Population Novel Coronavirus (SARS-CoV-2) Spike Protein is qualitatively detected in Oropharyngeal swabs or Nasopharyngeal swab specimens by Immunochromatographic method. After mixing the population Oropharyngeal swabs or Nasopharyngeal swabs, the novel Coronavirus (SARS-CoV-2) Spike Protein in the sample to be tested is coupled with the fluorescently labeled novel coronavirus (SARS-CoV-2) antibody on the binding pad SARS-CoV-2 Spike Protein- To form a fluorescently labeled complex with the SARS-CoV-2 antibody. Due to chromatography, the SARS-CoV-2 Spike Protein-SARS-CoV-2 antibody diffuses across the fluorescently labeled complex nitrocellulose membrane. Within the detection line area, the SARS-CoV-2 Spike Protein-antibody complex binds to the antibody contained within the detection line area and displays a red band (with fluorescent lamp). The fluorescently labeled SARS-CoV-2 antibody spreads to the quality control line (C) region and is captured by sheep anti-mouse IgG to form red bands. The dedicated analyzer can read the results when the reaction is finished. The optical density of the control line and test line will be analyzed by fluorecare® MF-T1000 analyzer. SARS-CoV-2 Spike Protein concentration will be calculated with the preset calibration curve and results will be displayed in S/CO units.
1.This kit is a qualitative test and is used for in vitro ancillary diagnosis only.
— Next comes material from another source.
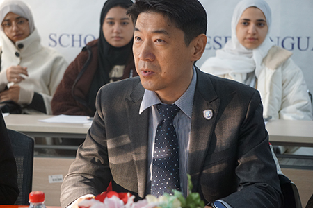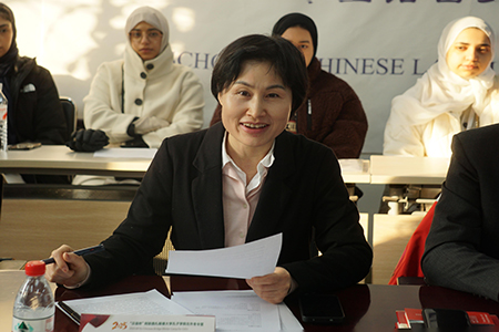 珍贝(Zainab Ali Dawood Salman Abdulla)作为带队教师代表发言。她表示,这是她第三次到访北京、第二次带队参与北外“汉语桥”冬令营,再次踏入北外校园令她倍感亲切。她分享了上一届冬令营学生从初来乍到的好奇忐忑,到满载自信、知识与友谊而归的成长历程,并由衷感谢项目各方的精心组织、热情支持以及辛勤付出。她鼓励学生以开放、尊重、互助的态度投入学习,在接下来十天的旅程中不断拓展知识、开阔视野、留下美好记忆。
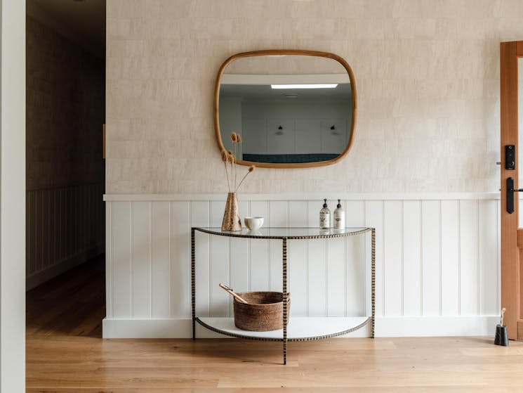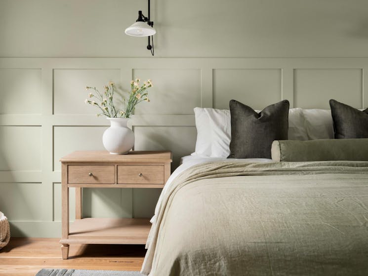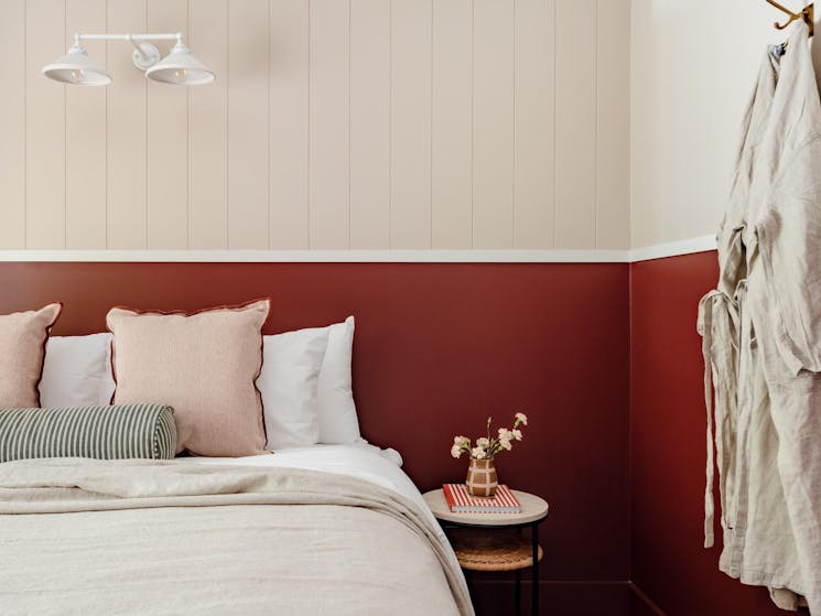 Featuring broad, wrap-around verandahs, the cottage welcomes you to its high ceilings, timber polished floorboards and exposed brick walls. A crisp white-on white aesthetic is a breath of fresh air, warmed with textures of wall hangings, bed linen and fully upholstered furniture. You’ll find new and old pieces, comfy chairs to sit by the fire in and long timber tables inviting you to sit a while, unwind from the demands of everyday life and reconnect with those you are with.

2.With the limit obtained from the Spike Protein detection reagent method, the minimum limit of detection (sensitivity analysis) is usually lower than that of the nucleic acid reagent. Therefore, the researcher should pay attention to possible false negative situations. The investigator should also look at patients' symptoms. Further testing, including nucleic acid tests for suspected negative results, is recommended to aid decision making.
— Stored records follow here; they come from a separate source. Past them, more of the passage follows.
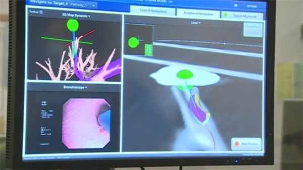 支气管镜检查使用类似GPS技术来创建肺部的3D图像,将以前可能因为太小或位于棘手位置而被遗漏的肿瘤凸显出来。这个3D图像帮助医生引导导管通过肺部最复杂的气道,然后他们可以尽快治疗癌症肿瘤。
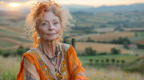 A portrait photography of a elderly ginger hair women in the style of Annie Leibovitz in a warm color palette in bright colors, full body, multiple poses and expressions, tatoo in half face, background panorama located in val d'orcia --ar 16:9 --style raw --stylize 750
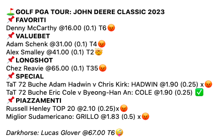 La settimana scorsa Sepp Straka ha vinto il John Deere Classic, torneo in cui non ci è bastato fare una serie di selezioni ottime, di giocatori a quota alta che hanno centrato la top-10, penso ad Alex Smalley @41 che ha chiuso al 2° posto, il 4° posto di Adam Schenk @31 o i T6 di Denny McCarthy @16 e perfino del darkhorse Lucas Glover @67.
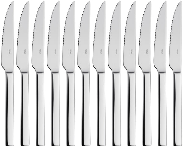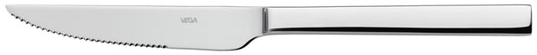 Stal nierdzewna chromowana 13/0. Nóż do pizzy/steków o prostym kształcie. Wypolerowany na wysoki połysk. Grubość materiału 4 mm odpowiednia dla gastronomii (mierzona w najmocniejszym punkcie widelca obiadowego). Można myć w zmywarce.
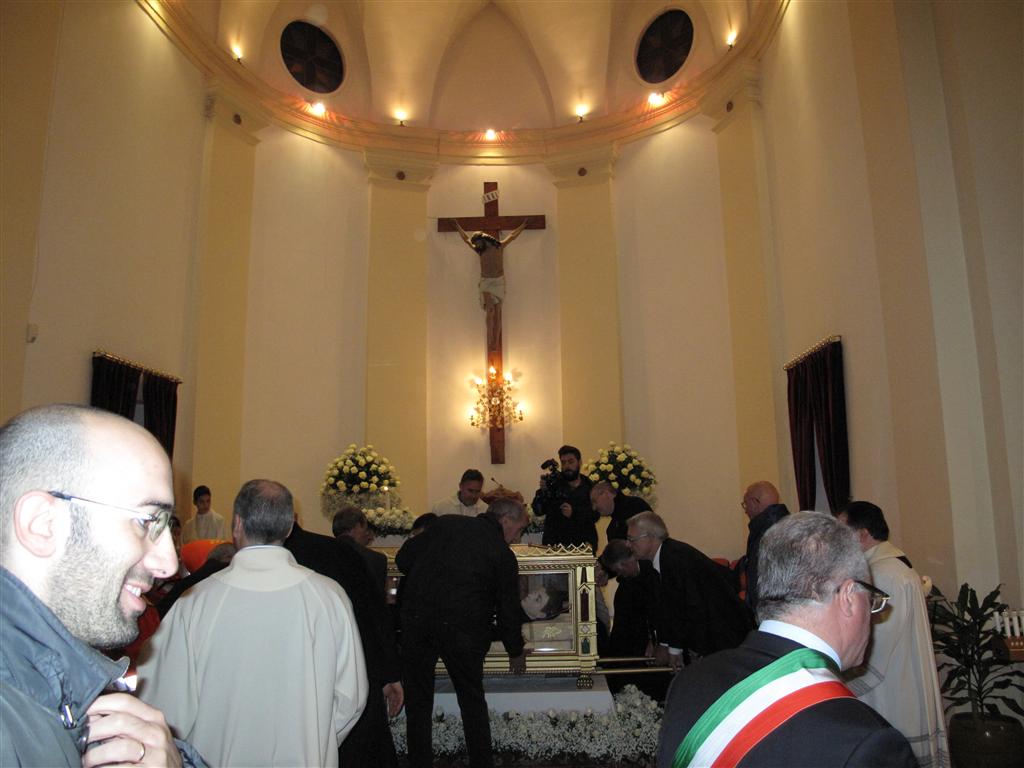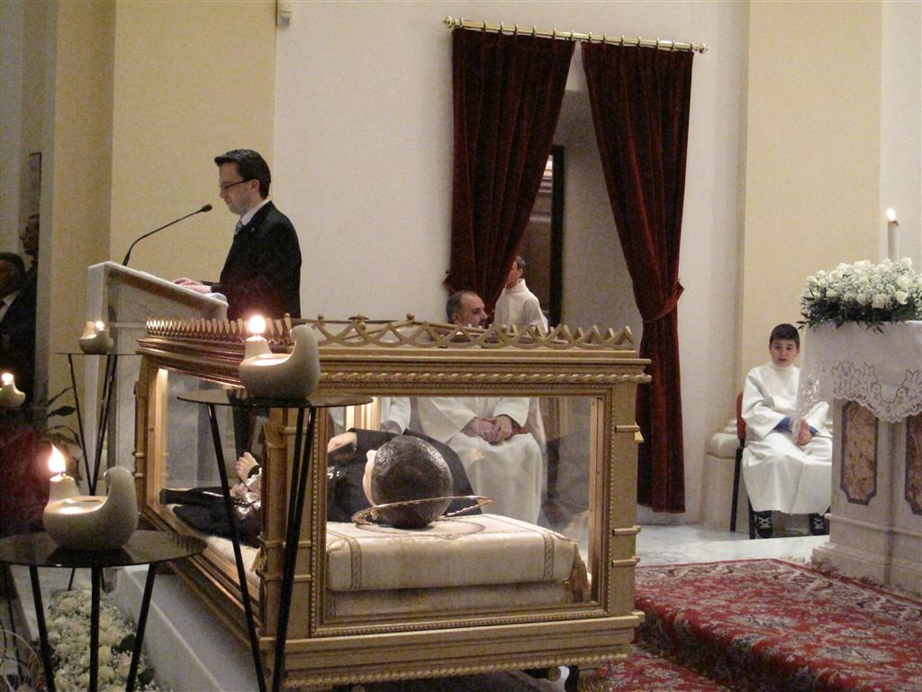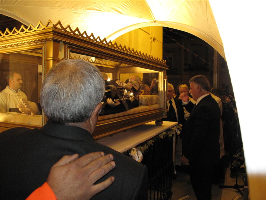 Il furgone con le pareti trasparenti è giunto a Noha, intorno alle ore 17:30, dopo avere attraversato mezza Italia, scortato dai Carabinieri, ed essersi offerto ai galatinesi passando da piazza Alighieri. Ha ricevuto il saluto della Complesso bandistico giovanile nohano. “È l’unica banda al mondo ad essere a lui intitolata –dice don Francesco Coluccia, parroco e motore dell'iniziativa- ed è la testimonianza di quanto i giovani di Noha siano legati a questo santo”.

3.Improper sampling, handling, processing and low virus content in samples can cause false negatives.
4.Test results for this reagent are for clinical reference only and should not be used as the sole basis for clinical diagnosis and treatment. The definitive diagnosis of the disease should be based on a comprehensive assessment of all clinical conditions and laboratory results once made.